India's Sahyadri Farms, a cooperative in the western state of Maharashtra that processes fruit and vegetables for export, now makes daily deliveries to 3,000 urban consumers, who order online, after a nationwide lockdown disrupted supply chains and left some farmers feeding their crops to cattle.
"As we are eliminating middlemen in the distribution chain, both farmers and consumers are happy," said Sahyadri Chairman Vilas Shinde.
In the United States, restaurant owners and suppliers are taking a new approach. Chicago-based restaurant Park and Field sells grocery and meal boxes to households. Gunthorp Farms in Lagrange, Indiana, is selling chicken that was once bound for high-end Chicago restaurants direct to consumers.
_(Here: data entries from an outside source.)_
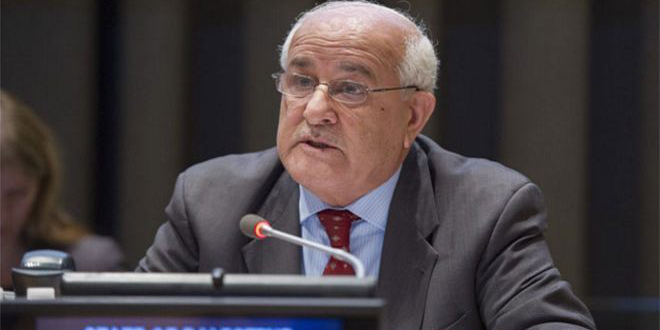 جدد مندوب فلسطين الدائم لدى الأمم المتحدة رياض منصور التأكيد على موقف فلسطين الرافض لمخطط كيان الاحتلال الإسرائيلي بضم أجزاء من الضفة الغربية مؤكداً أنه يأتي ضمن سلسلة متواصلة وممنهجة من عمليات التهويد والاستيطان.
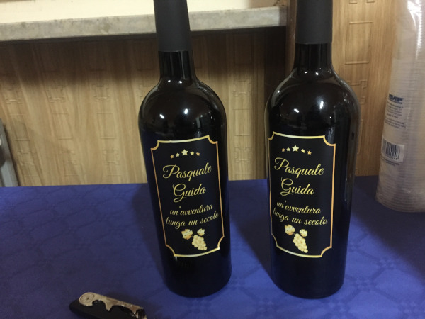 Questa la frase che si legge sull’etichetta delle bottiglie di vino Aglianico della sua terra, create per l’occasione dal figlio Vincenzo:
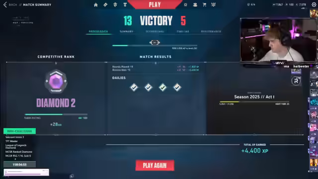 00:13:14Der Stream konzentriert sich hauptsächlich auf Valorant. Der Streamer spielt den Agenten Cypher auf verschiedenen Maps wie Haven und Split. Er analysiert sein eigenes Gameplay und das seines Teams, diskutiert taktische Fehler und strategische Entscheidungen, wie beispielsweise das Setzen von Wires, das Timing von Peeks und die Nutzung von Smokes. Er äußert Frustration über das Verhalten des Teams, dem er vorwirft, nicht auf seine Anweisungen zu hören, was zu verlorenen Runden führt. Das Ziel ist ein Uprank, daher ist er auf gute Statistiken und MVP-Performance angewiesen.

For some suppliers, the challenge has been keeping up with the demand for staples like eggs, flour, and pasta, which have flown off supermarket shelves as people stock up to eat at home.
Pasta and flour makers in North America and Europe are running some production lines round the clock. They have reduced their ranges to maximize volumes. Other suppliers are turning to new pools of workers.
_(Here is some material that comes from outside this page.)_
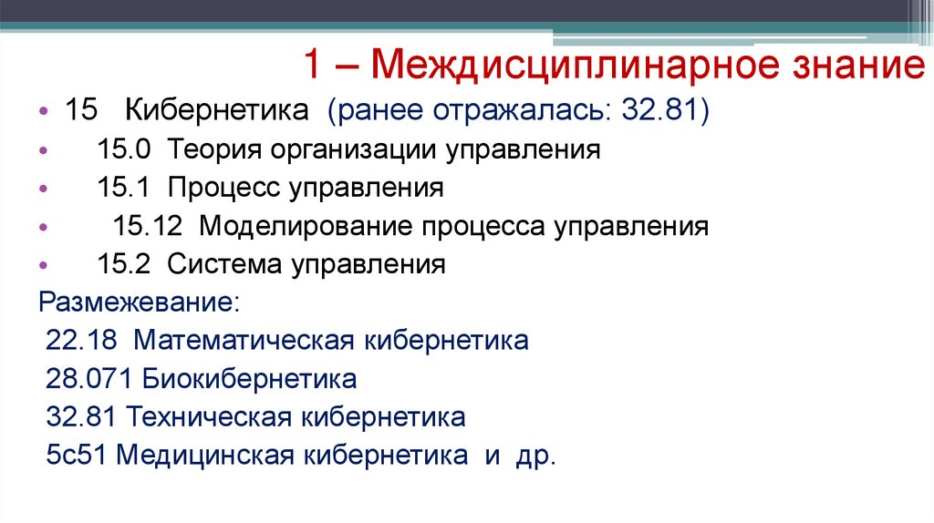1 – Междисциплинарное знание• 15 Кибернетика (ранее отражалась: 32.81)

U.S. berry distributor Driscoll's has taken on laid-off restaurant and hotel employees at its U.S. distribution warehouses to work as forklift drivers and quality assurance inspectors, said the firm's president, Soren Bjorn.
Green Gold Farms in Mexico, a supplier to Driscoll's, has hired factory workers like Omar Cortes Arteaga, who was furloughed from an automotive plant. He works at Green Gold's berry farm in Jalisco, where laborers wear masks and have temperature checks before going into the fields.
NEW RECRUITS
Finding seasonal workers is a priority in Europe, where spring harvests are at risk because the usually vast armies of migrant laborers cannot leave home.
Spanish asparagus grower Jaime Urbina cannot turn to an eastern European workforce as he usually does. "They are stuck in their countries because the borders are closed," he said. Spain, the European Union's biggest fruit and vegetable exporter, has responded by allowing the unemployed to take farm jobs while keeping welfare payments. They have also extended work permits for migrants already in the country.
France has mobilized 15,000 French workers idled by the crisis so far to help offset a potential shortfall of 200,000 foreign laborers this spring.
"It's positive for farming because these are profiles that are not usually drawn towards
seasonal work," said Jean-Baptiste Vervy, head of Wizifarm, a start-up behind a job-matching website that took off in the lockdown with government backing.
But he said some farmers were frustrated that the recruits lacked skills or had quickly quit.
Poland, meanwhile, is struggling without Ukrainian seasonal laborers, and the Russian Agriculture Ministry said prisoners might help out on farms in the absence of Central Asian workers.
Germany, Britain, and Ireland are allowing companies to bring in trained workers from Romania and other European Union states on charter flights with quarantine measures.
U.S. President Donald Trump has exempted such migrants from a temporary curb on immigration during the crisis.
Elsewhere, Nigeria's federal government is making identity cards, so farmworkers can move freely during a national lockdown after many were stopped by police. Iraq's Agriculture Ministry said farmworkers were exempted from curfew measures, and farmers were allowed to move harvesting machinery around the country.
To keep transport links running smoothly, Brazilian toll-road operator CCR SA has distributed over 1,000 food and hygiene kits a day to truck drivers as service outlets are closed.
In Kenya, Rubi Ranch has been sending avocados to Europe by ship due to limited air freight capacity, as airlines have grounded aircraft and cut off the company's usual supply route.
There is no denying that some farmers will prosper and others will struggle. Many growers are vulnerable to labor shortages, supply chain disruptions, and fluctuating prices linked to the pandemic, while smaller farmers are enjoying the new trend of selling directly from farm to table, lending to higher revenues than ever before. One thing is for sure; we all need to adapt to the challenge of doing things differently.